*** Opening of INFORMATION SHOWN ***
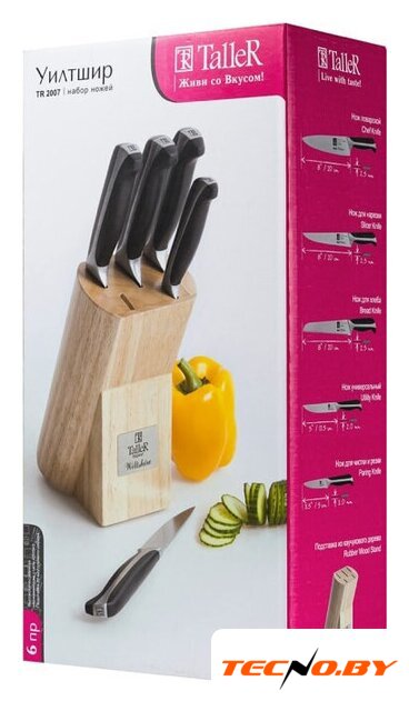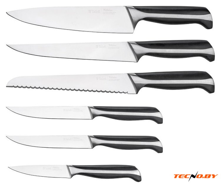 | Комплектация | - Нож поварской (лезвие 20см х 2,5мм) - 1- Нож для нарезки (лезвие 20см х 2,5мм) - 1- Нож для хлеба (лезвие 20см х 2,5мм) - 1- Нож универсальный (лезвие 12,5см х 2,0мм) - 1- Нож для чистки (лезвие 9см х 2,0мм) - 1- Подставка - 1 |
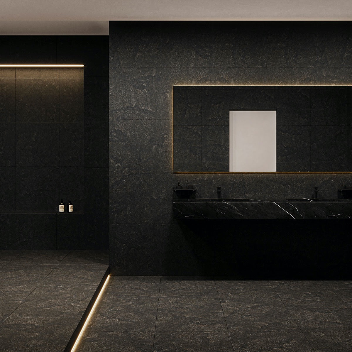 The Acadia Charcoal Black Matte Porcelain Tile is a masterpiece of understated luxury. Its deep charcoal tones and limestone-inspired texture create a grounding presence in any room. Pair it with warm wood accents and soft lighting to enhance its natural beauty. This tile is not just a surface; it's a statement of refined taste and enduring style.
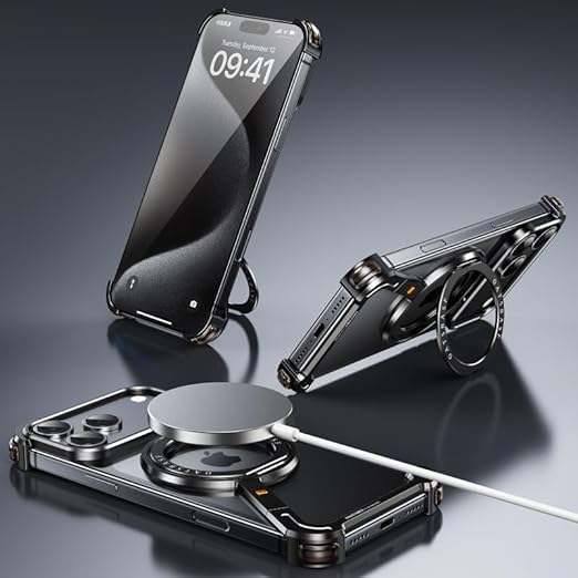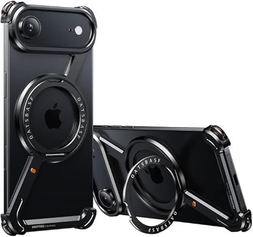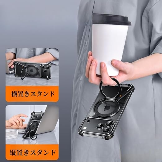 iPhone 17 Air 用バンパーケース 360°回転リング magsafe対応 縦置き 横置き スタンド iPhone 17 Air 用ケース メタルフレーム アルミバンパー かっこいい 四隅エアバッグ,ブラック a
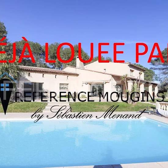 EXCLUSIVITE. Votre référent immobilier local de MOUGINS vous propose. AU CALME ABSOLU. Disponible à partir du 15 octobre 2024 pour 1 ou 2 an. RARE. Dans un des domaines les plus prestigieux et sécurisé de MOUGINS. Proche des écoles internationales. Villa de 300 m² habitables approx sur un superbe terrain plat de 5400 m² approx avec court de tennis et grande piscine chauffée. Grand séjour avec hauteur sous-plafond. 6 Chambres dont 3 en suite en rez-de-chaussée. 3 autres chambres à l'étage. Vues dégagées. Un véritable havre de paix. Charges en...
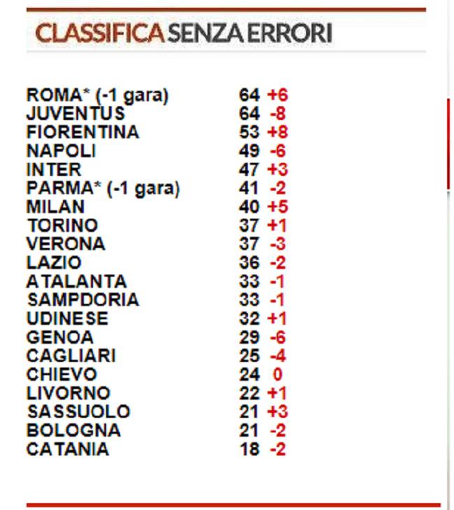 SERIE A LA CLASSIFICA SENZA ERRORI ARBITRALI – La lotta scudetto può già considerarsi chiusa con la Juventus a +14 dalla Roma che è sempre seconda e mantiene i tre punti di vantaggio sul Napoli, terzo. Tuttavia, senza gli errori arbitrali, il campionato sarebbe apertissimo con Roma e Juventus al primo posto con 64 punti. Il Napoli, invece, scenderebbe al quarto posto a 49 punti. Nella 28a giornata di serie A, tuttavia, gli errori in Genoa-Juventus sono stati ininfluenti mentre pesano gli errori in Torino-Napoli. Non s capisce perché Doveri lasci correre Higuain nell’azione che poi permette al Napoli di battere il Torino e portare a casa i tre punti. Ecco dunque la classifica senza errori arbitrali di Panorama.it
*** Close of INFORMATION SHOWN ***
Copy the listing exactly but drop its images.

 | Комплектация | - Нож поварской (лезвие 20см х 2,5мм) - 1- Нож для нарезки (лезвие 20см х 2,5мм) - 1- Нож для хлеба (лезвие 20см х 2,5мм) - 1- Нож универсальный (лезвие 12,5см х 2,0мм) - 1- Нож для чистки (лезвие 9см х 2,0мм) - 1- Подставка - 1 |
 The Acadia Charcoal Black Matte Porcelain Tile is a masterpiece of understated luxury. Its deep charcoal tones and limestone-inspired texture create a grounding presence in any room. Pair it with warm wood accents and soft lighting to enhance its natural beauty. This tile is not just a surface; it's a statement of refined taste and enduring style.
 iPhone 17 Air 用バンパーケース 360°回転リング magsafe対応 縦置き 横置き スタンド iPhone 17 Air 用ケース メタルフレーム アルミバンパー かっこいい 四隅エアバッグ,ブラック a
 EXCLUSIVITE. Votre référent immobilier local de MOUGINS vous propose. AU CALME ABSOLU. Disponible à partir du 15 octobre 2024 pour 1 ou 2 an. RARE. Dans un des domaines les plus prestigieux et sécurisé de MOUGINS. Proche des écoles internationales. Villa de 300 m² habitables approx sur un superbe terrain plat de 5400 m² approx avec court de tennis et grande piscine chauffée. Grand séjour avec hauteur sous-plafond. 6 Chambres dont 3 en suite en rez-de-chaussée. 3 autres chambres à l'étage. Vues dégagées. Un véritable havre de paix. Charges en...
 SERIE A LA CLASSIFICA SENZA ERRORI ARBITRALI – La lotta scudetto può già considerarsi chiusa con la Juventus a +14 dalla Roma che è sempre seconda e mantiene i tre punti di vantaggio sul Napoli, terzo. Tuttavia, senza gli errori arbitrali, il campionato sarebbe apertissimo con Roma e Juventus al primo posto con 64 punti. Il Napoli, invece, scenderebbe al quarto posto a 49 punti. Nella 28a giornata di serie A, tuttavia, gli errori in Genoa-Juventus sono stati ininfluenti mentre pesano gli errori in Torino-Napoli. Non s capisce perché Doveri lasci correre Higuain nell’azione che poi permette al Napoli di battere il Torino e portare a casa i tre punti. Ecco dunque la classifica senza errori arbitrali di Panorama.it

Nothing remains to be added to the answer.